• DATA IN THIS EXERCISE:
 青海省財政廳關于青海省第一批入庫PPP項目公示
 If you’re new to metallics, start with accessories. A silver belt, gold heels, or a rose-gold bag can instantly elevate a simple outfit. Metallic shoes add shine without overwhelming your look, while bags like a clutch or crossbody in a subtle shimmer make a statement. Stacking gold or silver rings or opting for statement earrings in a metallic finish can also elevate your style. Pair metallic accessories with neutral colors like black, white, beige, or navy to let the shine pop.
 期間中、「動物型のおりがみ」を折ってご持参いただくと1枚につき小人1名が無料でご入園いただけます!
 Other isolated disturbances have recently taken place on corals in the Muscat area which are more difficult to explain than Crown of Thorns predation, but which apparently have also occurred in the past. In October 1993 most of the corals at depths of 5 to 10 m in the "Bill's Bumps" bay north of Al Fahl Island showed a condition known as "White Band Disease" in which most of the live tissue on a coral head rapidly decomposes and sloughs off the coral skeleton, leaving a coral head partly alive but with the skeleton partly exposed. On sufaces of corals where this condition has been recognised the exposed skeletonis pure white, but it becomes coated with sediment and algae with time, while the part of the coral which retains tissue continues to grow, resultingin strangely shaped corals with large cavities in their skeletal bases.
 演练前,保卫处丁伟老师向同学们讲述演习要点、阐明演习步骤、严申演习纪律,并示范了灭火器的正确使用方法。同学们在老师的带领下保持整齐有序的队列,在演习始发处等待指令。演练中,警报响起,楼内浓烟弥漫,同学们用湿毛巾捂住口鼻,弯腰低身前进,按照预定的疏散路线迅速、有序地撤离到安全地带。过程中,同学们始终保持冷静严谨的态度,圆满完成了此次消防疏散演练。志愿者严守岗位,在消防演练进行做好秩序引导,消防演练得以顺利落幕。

...

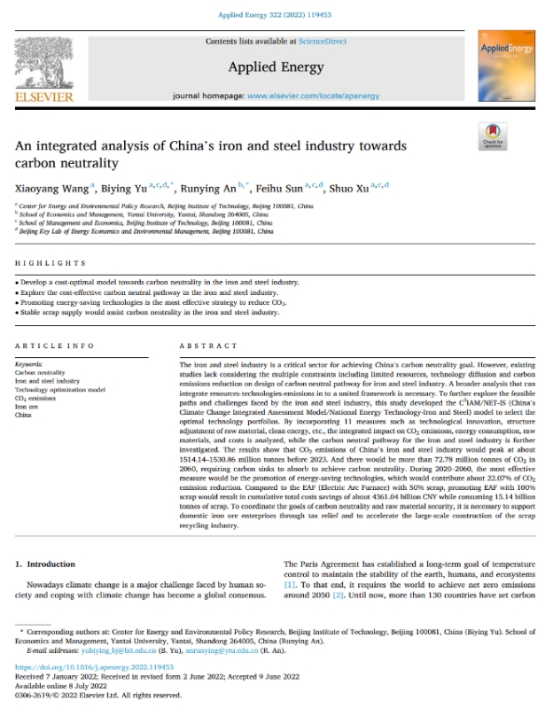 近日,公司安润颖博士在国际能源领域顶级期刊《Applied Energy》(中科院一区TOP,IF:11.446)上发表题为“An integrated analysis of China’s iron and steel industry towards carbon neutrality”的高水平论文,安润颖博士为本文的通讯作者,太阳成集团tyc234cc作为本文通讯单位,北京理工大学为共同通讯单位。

• WHAT THE EXERCISE ASKS: Referring to the material above, set down exactly the lines between the line with "青海省財政廳關于青海省第一批入庫PPP項目公示" and the line with "期間中、「動物型のおりがみ」", inclusive, and no other lines.

• PROBLEM SOLUTION:
 青海省財政廳關于青海省第一批入庫PPP項目公示
 If you’re new to metallics, start with accessories. A silver belt, gold heels, or a rose-gold bag can instantly elevate a simple outfit. Metallic shoes add shine without overwhelming your look, while bags like a clutch or crossbody in a subtle shimmer make a statement. Stacking gold or silver rings or opting for statement earrings in a metallic finish can also elevate your style. Pair metallic accessories with neutral colors like black, white, beige, or navy to let the shine pop.
 期間中、「動物型のおりがみ」を折ってご持参いただくと1枚につき小人1名が無料でご入園いただけます!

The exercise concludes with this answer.